PG12 autovac issues

From: Justin King <kingpin867(at)gmail(dot)com>
To: pgsql-admin(at)lists(dot)postgresql(dot)org
Subject: PG12 autovac issues
Date: 2020-03-17 22:18:57
Message-ID: CAE39h22zPLrkH17GrkDgAYL3kbjvySYD1io+rtnAUFnaJJVS4g@mail.gmail.com
Views: Raw Message | Whole Thread | Download mbox | Resend email
Thread:
Lists: pgsql-admin pgsql-general

We have a database that isn't overly large (~20G), but gets incredibly
frequent updates. Here's an example table:

feedi=# select * from pg_stat_all_tables where schemaname =
'production' and relname = 'tita';
relid = 16786
schemaname = production
relname = tita
seq_scan = 23365
seq_tup_read = 403862091
idx_scan = 26612759248
idx_tup_fetch = 19415752701
n_tup_ins = 24608806
n_tup_upd = 4207076934
n_tup_del = 24566916
n_tup_hot_upd = 4073821079
n_live_tup = 79942
n_dead_tup = 71969
n_mod_since_analyze = 12020
last_vacuum = 2020-03-17 15:35:19.588859+00
last_autovacuum = 2020-03-17 21:31:08.248598+00
last_analyze = 2020-03-17 15:35:20.372875+00
last_autoanalyze = 2020-03-17 22:04:41.76743+00
vacuum_count = 9
autovacuum_count = 135693
analyze_count = 9
autoanalyze_count = 495877

As you can see in this table, there are only ~80K rows, but billions
of updates. What we have observed is that the frozenxid reaches the
200M mark fairly quickly because of the amount of activity. What is
interesting is that this happens with the 'postgres' and 'template1'
databases as well and there is absolutely no activity in those
databases.

When the 'postgres' and/or 'template1' databases hit the
freeze_max_age, there are cases where it kicks off an aggressive
autovac of those tables which seems to prevent autovacs from running
elsewhere. Oddly, this is not consistent, but that condition seems to
be required. We have observed this across multiple PG12 servers (dev,
test, staging, production) all with similar workloads.

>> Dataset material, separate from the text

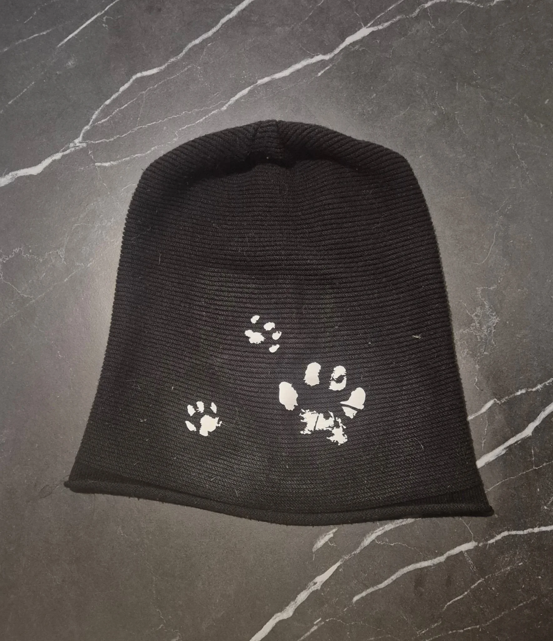 Schlicht, kuschelig, bedeutungsvoll – die Pfotenabdrücke deiner Fellnasen verewigt auf einer Beanie. Ein Stück Wärme, das Herz und Erinnerung vereint.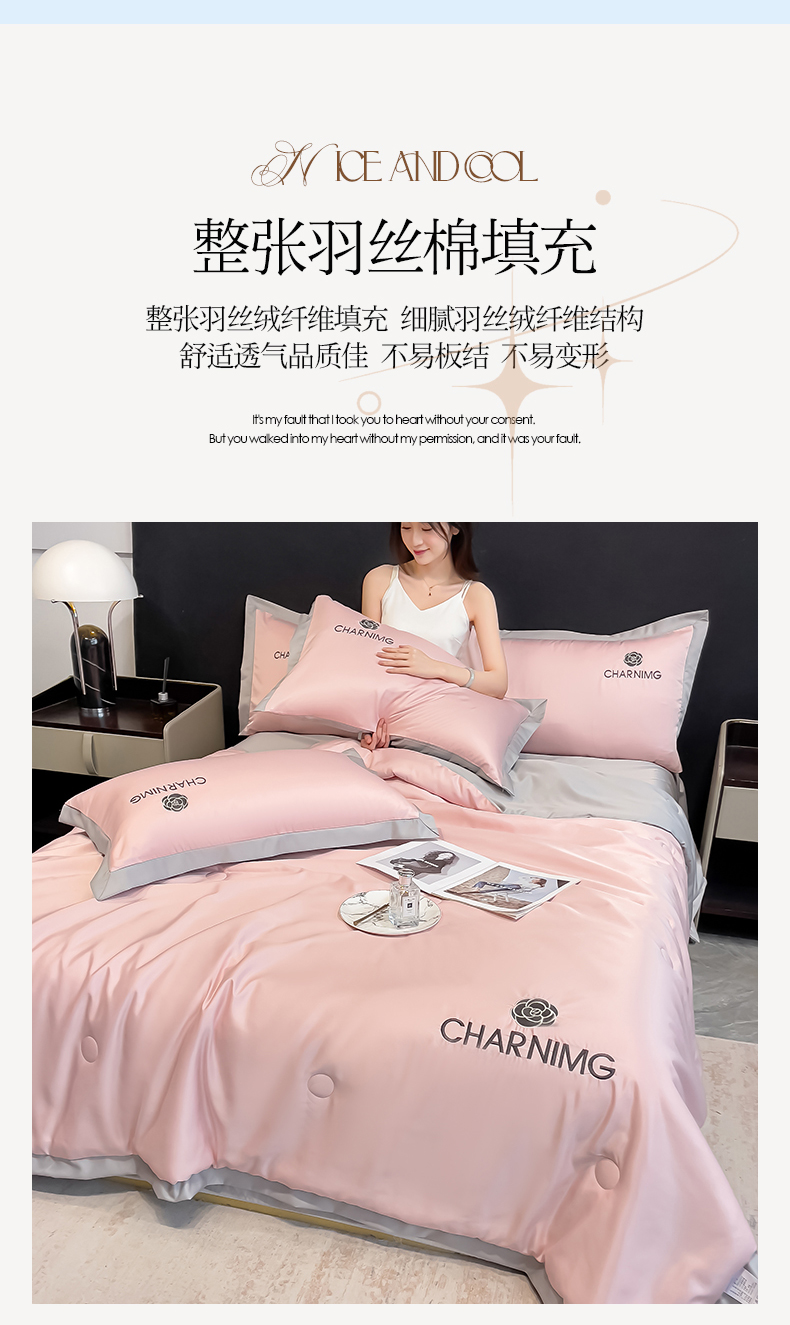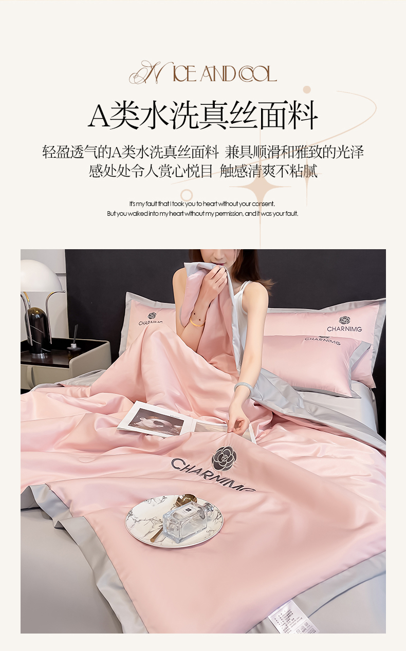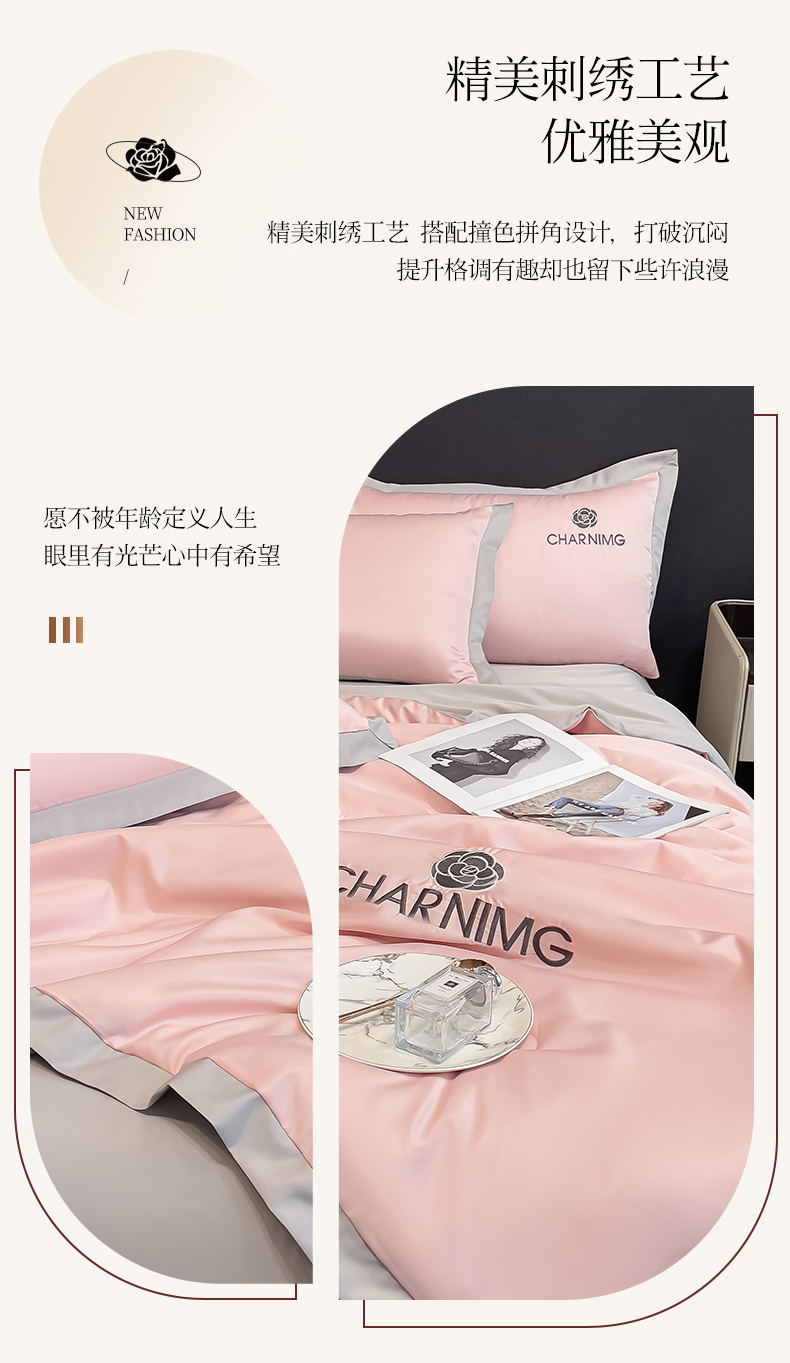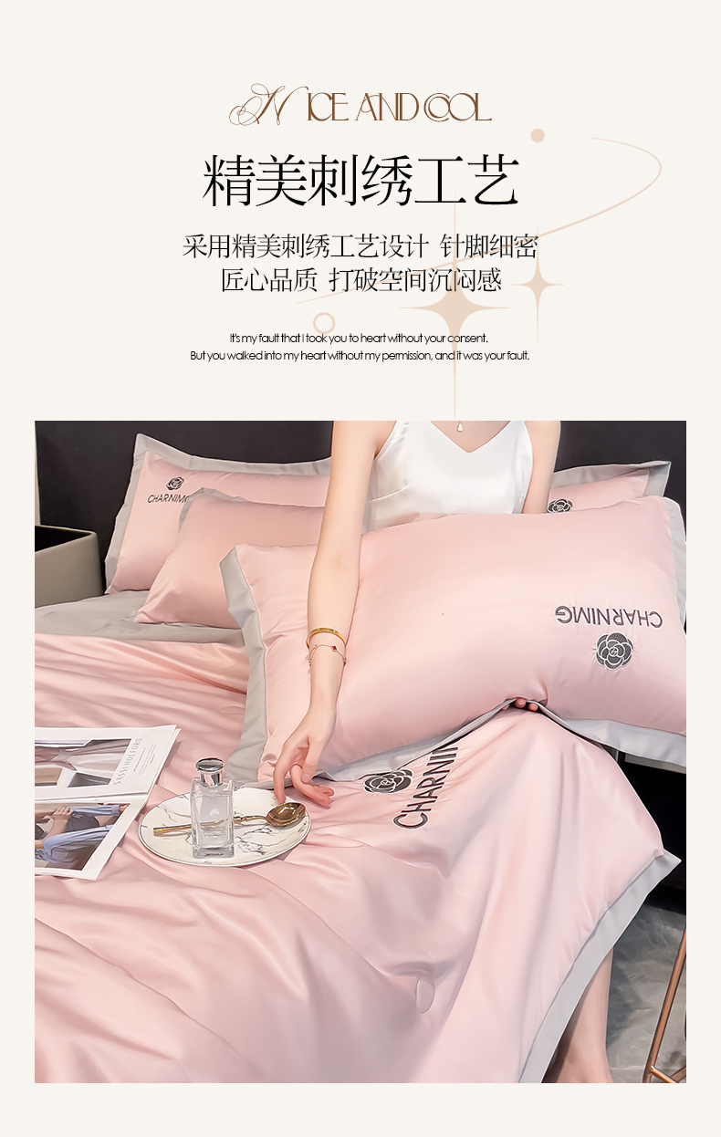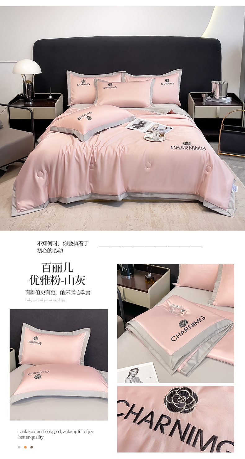 • 91家纺网 家纺一手货源 找家纺 江暮云家纺 2025新款A类水洗真丝刺绣夏被四件套-百丽儿 百丽儿优雅粉-山灰

$ grep -i vacuum /var/log/postgresql/postgres.log | cut -b 1-9 | uniq -c
17 Mar 17 06
34 Mar 17 07
31 Mar 17 08
31 Mar 17 09
30 Mar 17 10
34 Mar 17 11
33 Mar 17 12
19 Mar 17 13
40 Mar 17 15
31 Mar 17 16
36 Mar 17 17
34 Mar 17 18
35 Mar 17 19
35 Mar 17 20
33 Mar 17 21

As you can see above, we end up having around ~33 autovac/hr, and
about 13:30 today, they stopped until we ran a "vacuum freeze verbose
analyze;" against the 'postgres' database (around 15:30) which then
caused the autovacs to resume running against the "feedi" database.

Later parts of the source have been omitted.